What I wish I knew before becoming a foster parent

1. Keep going on vacations: This is probably one of my biggest regrets. We didn’t go on vacations while our daughter was in foster care. We did little day trips here and there, but it is not the same as an actual vacation where you get away from all of the uncertainty and chaos for a few days. Throughout our daughters’ case we had hints that her stay as a foster child would be short lived and that adoption was in the near future. We had decided, we would wait until she was adopted to take a “real” vacation, and then we wouldn’t have to deal with the issues that can arise when it comes to travel and foster kiddos. This was a huge mistake! We all know that adopting from foster care is NEVER short.

Traveling with foster kids can be a bit tricky. There are a lot of hoops you have to jump through to have them come with you, and if you do a trip without them, they don’t get to stay with grandma and grandpa like other parents get to do, they have to stay with another foster certified family. This can be a daunting thought if you don’t have a foster family friend that you know well. Essentially, it can feel like you are leaving your baby with a stranger.

But we were wrong to wait. We should have jumped through the hoops. After going on a few vacations since she has been adopted, I realized what we were missing. It’s not just getting away from reality, but it’s family bonding time. Some of my fondest memories growing up was traveling and having that play time with my family. Every child should get to experience this feeling.

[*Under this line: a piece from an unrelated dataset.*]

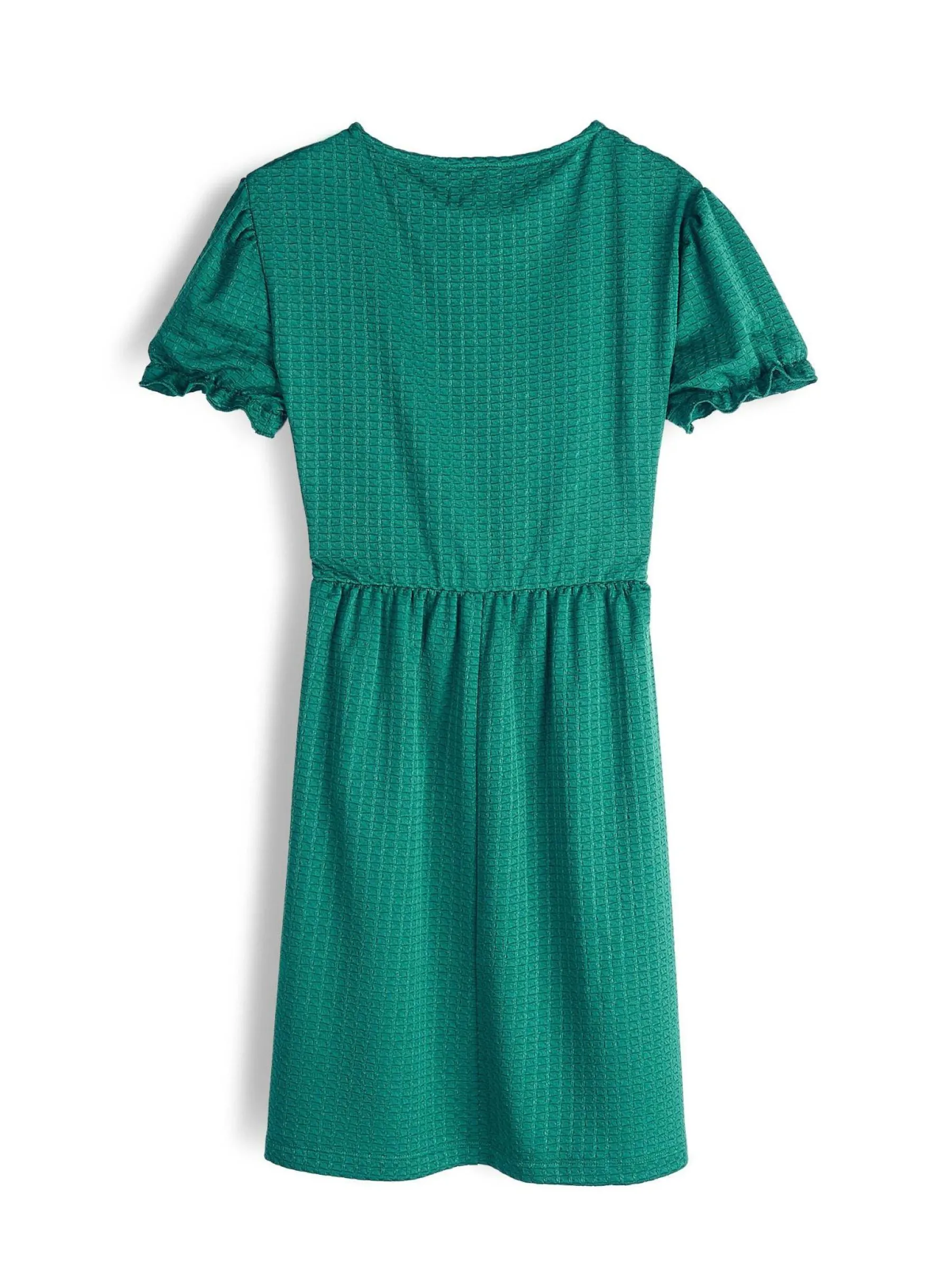 Kolor: zielonyKrój: asyTyp: sukienkaRekaw: krótki rękawDługość: miniPattern style: pojedynczy kolor, strukturowane…

2. Find a Local Foster Parent Tribe: Throughout our experience with the foster parent classes we met a few foster parents and I had joined a local foster parent support group on Facebook, but we didn’t connect with people face-to-face often enough, and the parents we took classes with lived far away and against traffic. We went to a few support groups, but they were run by social workers. This didn’t allow us to be candid and real about our feelings and frustrations. We were always so guarded during these meet ups because we didn’t want the social worker to get the impression that we were too stressed or couldn’t handle the responsibility.

We were also both working full time, and we felt like we had enough friends and family around that we didn’t need to connect with new friends. We were wrong! There is a support that other foster or adoptive parent friends can provide that other friends just can’t. I love my other mommy friends, but one of two things happen when I need to talk about something, either I have to go into so much detail because they just don’t get it, or they look terrified because they just don’t get it. It’s good to have people around that just get you. So, arm yourself with local foster parents. Finding people may be complicated because EVERYTHING IS SO CONFIDENTIAL. Social workers won’t just give you names of local foster parents. But I am determined to find a foster parent tribe before entering this world again. I reached out to our local church and schools to see if they knew any local foster parents. Through this avenue, we have connected with a few families, and their support and understanding makes us stronger.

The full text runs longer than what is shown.